OS-level virtualization is an operating system (OS) paradigm in which the kernel allows the existence of multiple isolated user space instances, called containers (LXC, Solaris containers, Docker, Podman), zones (Solaris containers), virtual private servers (OpenVZ), partitions, virtual environments (VEs), virtual kernels (DragonFly BSD), or jails (FreeBSD jail or chroot jail). Such instances may look like real computers from the point of view of programs running in them. A computer program running on an ordinary operating system can see all resources (connected devices, files and folders, network shares, CPU power, quantifiable hardware capabilities) of that computer. However, programs running inside of a container can only see the container's contents and devices assigned to the container.
On Unix-like operating systems, this feature can be seen as an advanced implementation of the standard chroot mechanism, which changes the apparent root folder for the current running process and its children. In addition to isolation mechanisms, the kernel often provides resource-management features to limit the impact of one container's activities on other containers. Linux containers are all based on the virtualization, isolation, and resource management mechanisms provided by the Linux kernel, notably Linux namespaces and cgroups.

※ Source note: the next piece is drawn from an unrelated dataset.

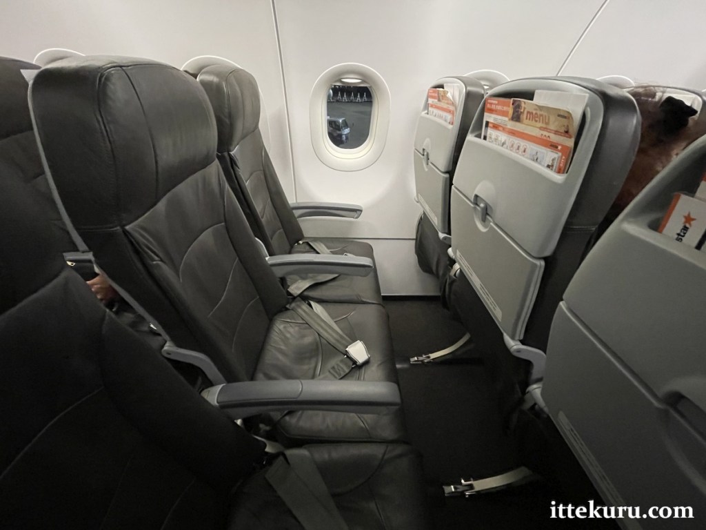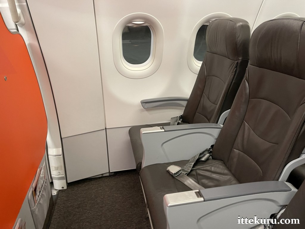 If you’re in need of more wiggle room, you’ll need to pay extra for a seat in the front row (door and bulkhead sides shown below) or the exit row.

The term container, while most popularly referring to OS-level virtualization systems, is sometimes ambiguously used to refer to fuller virtual machine environments operating in varying degrees of concert with the host OS, e.g., Microsoft's Hyper-V containers. A more historic overview of virtualization in general since 1960 can be found in the Timeline of virtualization development.
On ordinary operating systems for personal computers, a computer program can see (even though it might not be able to access) all the system's resources.